● **DATASET EXTRACT**:
----
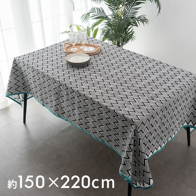 テーブルクロス インド ブロック プリント 柄 綿 コットン 約150cm×220cm テーブルカバー 布 ダイニング ブラック アジアン エスニック 34453-bk
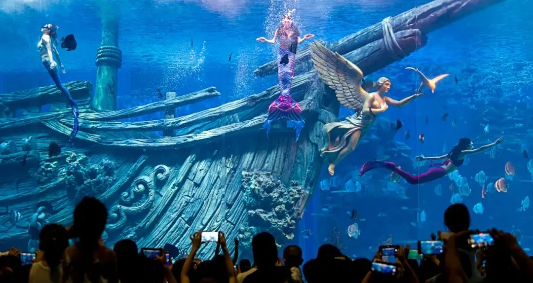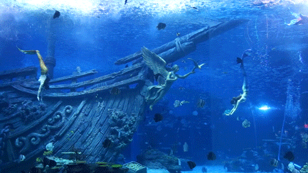 “哇,美人鱼”一个小孩子清脆的声音吸引了我,不由自主就跟着走了过去。大型透明的玻璃墙幕里,四位美丽的人鱼公主正在翩翩起舞,我跟着她们的身姿,看水花波澜,看点点泡沫,看摇曳的海底生物,思绪不由地飘远:小时候我也有一个人鱼公主的梦呢,看了《海的女儿》后我缠着爸妈买玩偶,后来这只玩偶好像已经丢到老房子里落灰了吧,就像我现在灰灰的心情。此刻,真想像美人鱼一样,游上水面,透透气……
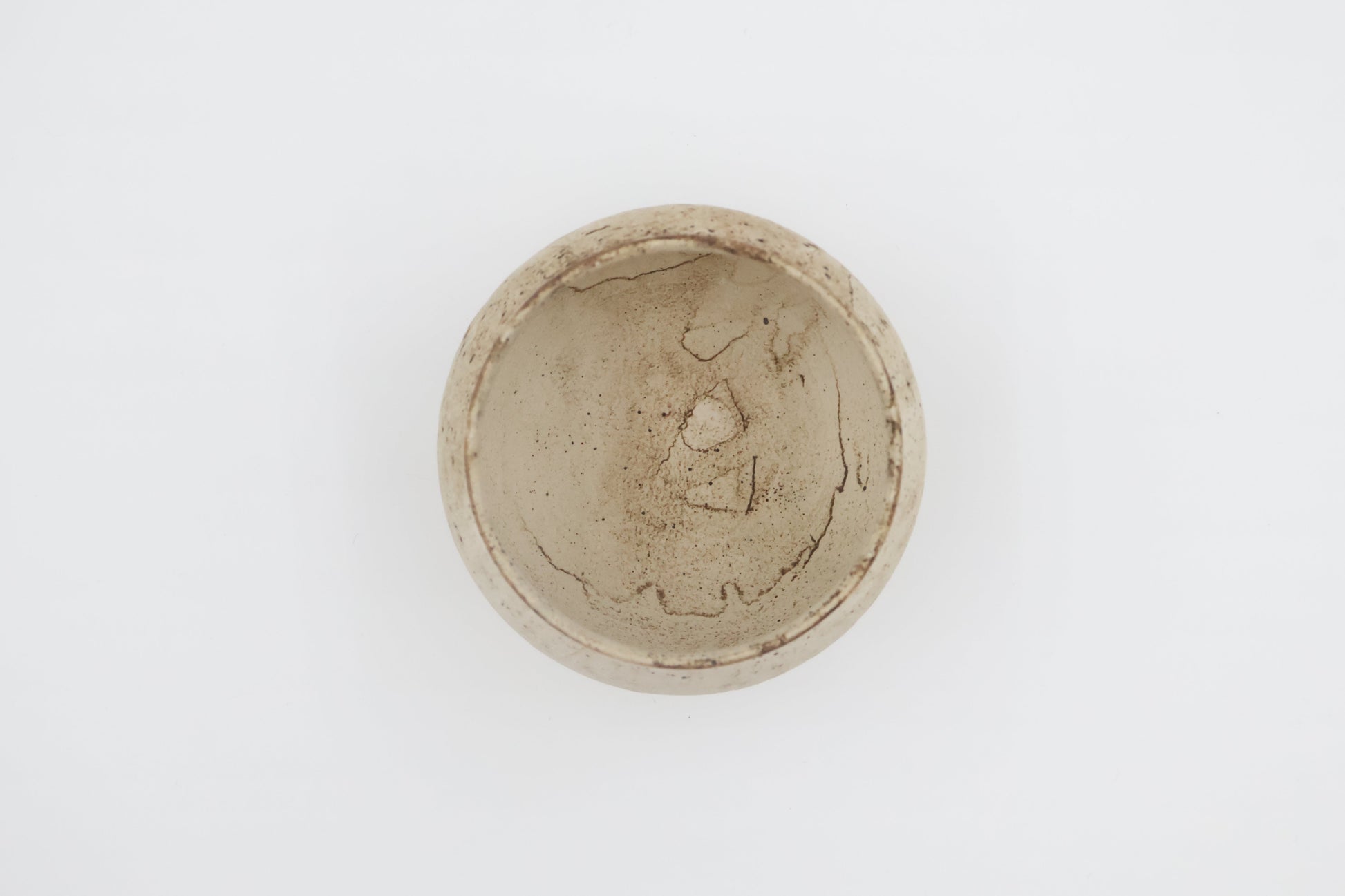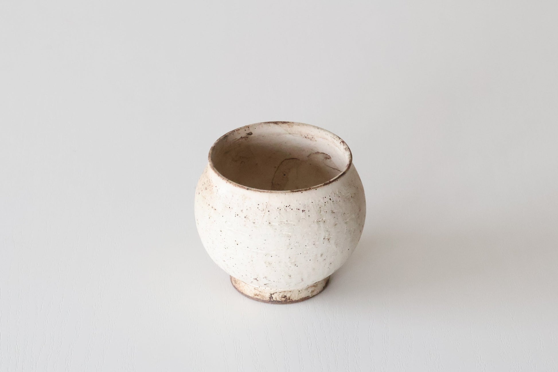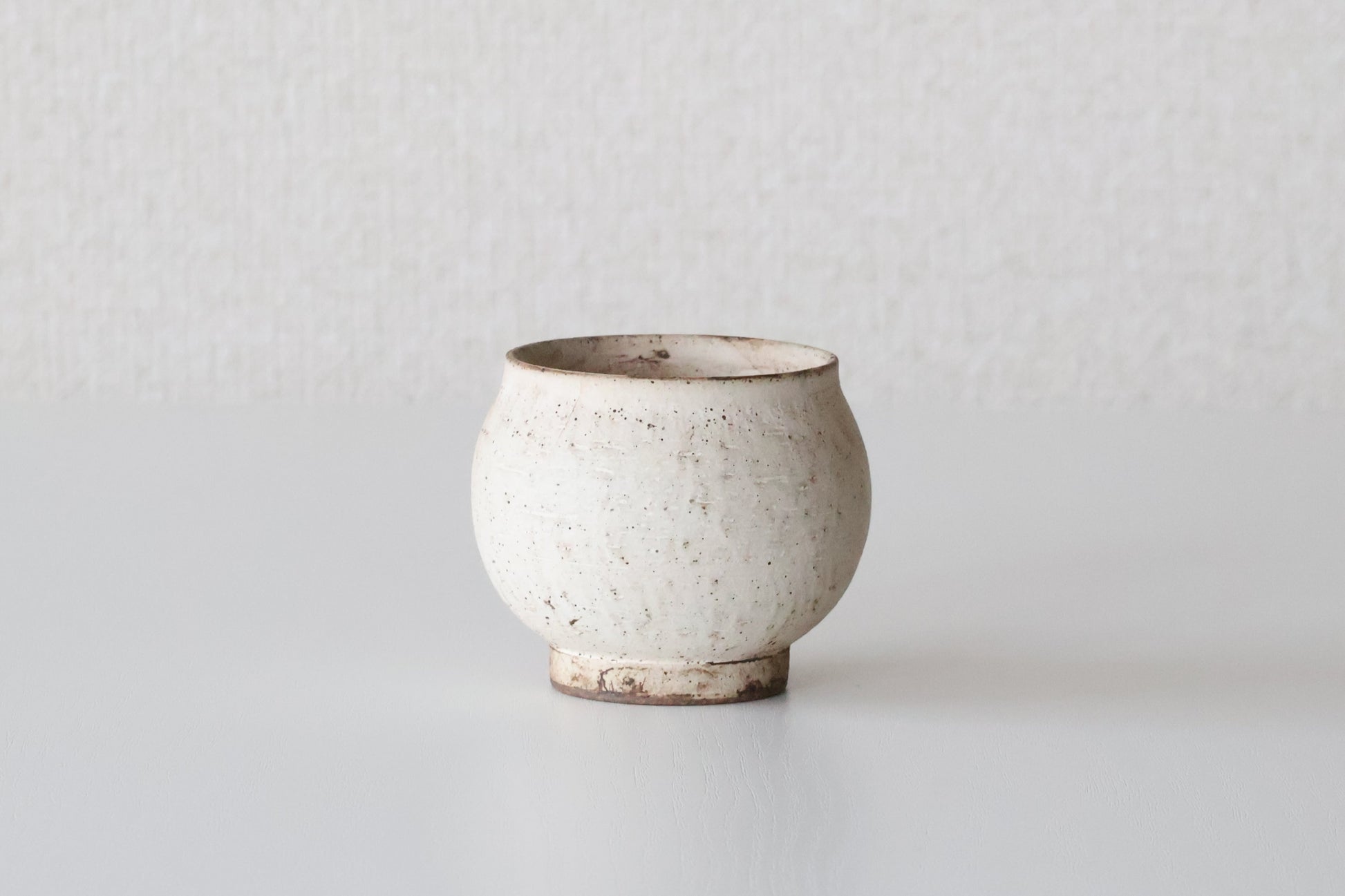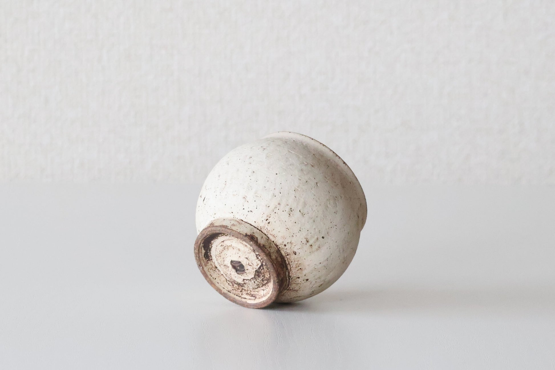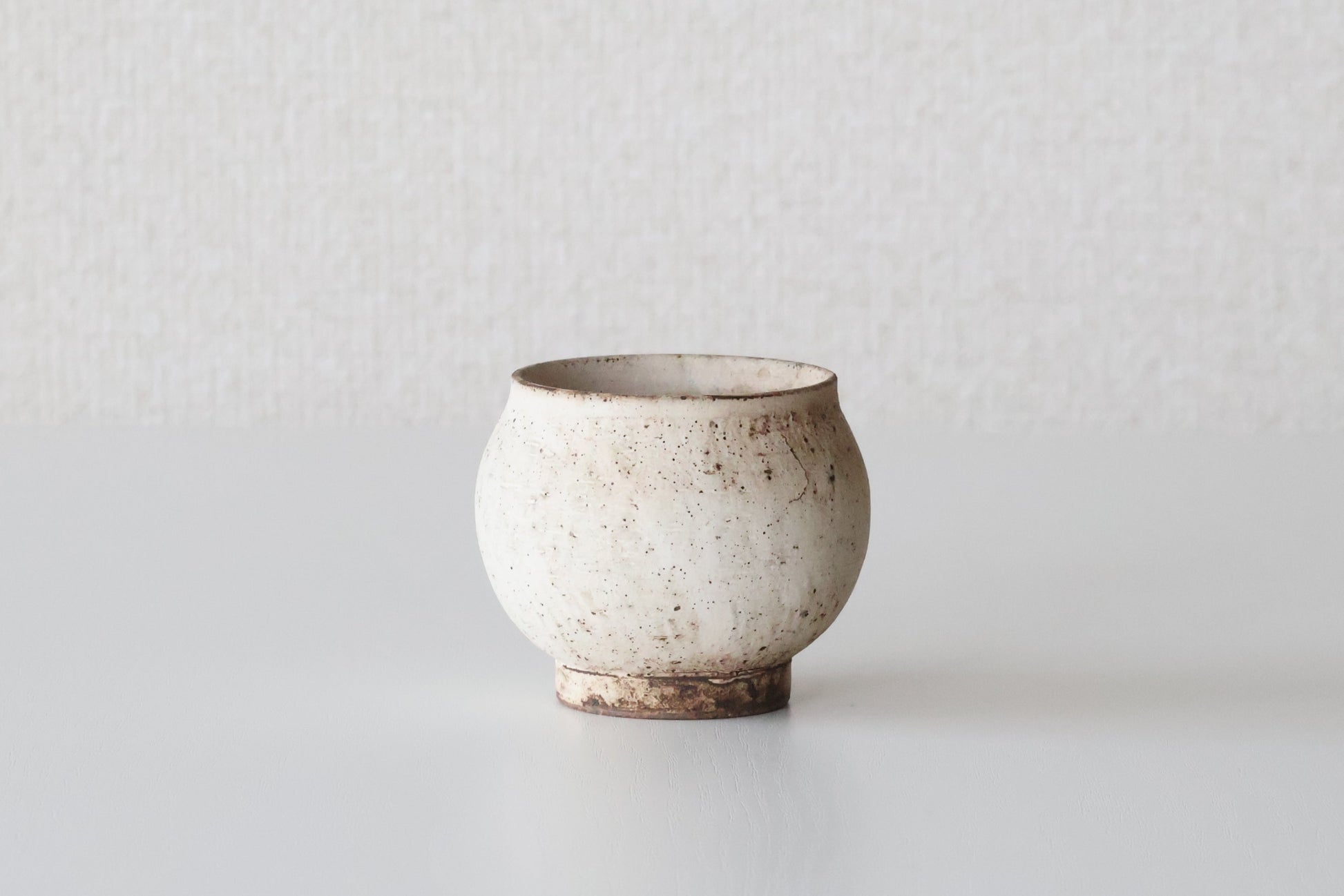 手のひらにすっとおさまる、小さなまるい湯呑み「錆白泥丸湯呑み」。
----
● **PROBLEM DETAILS**: This task calls for the listing to be restated exactly, with images omitted.

● **TASK ANSWER**:
 テーブルクロス インド ブロック プリント 柄 綿 コットン 約150cm×220cm テーブルカバー 布 ダイニング ブラック アジアン エスニック 34453-bk
 “哇,美人鱼”一个小孩子清脆的声音吸引了我,不由自主就跟着走了过去。大型透明的玻璃墙幕里,四位美丽的人鱼公主正在翩翩起舞,我跟着她们的身姿,看水花波澜,看点点泡沫,看摇曳的海底生物,思绪不由地飘远:小时候我也有一个人鱼公主的梦呢,看了《海的女儿》后我缠着爸妈买玩偶,后来这只玩偶好像已经丢到老房子里落灰了吧,就像我现在灰灰的心情。此刻,真想像美人鱼一样,游上水面,透透气……
 手のひらにすっとおさまる、小さなまるい湯呑み「錆白泥丸湯呑み」。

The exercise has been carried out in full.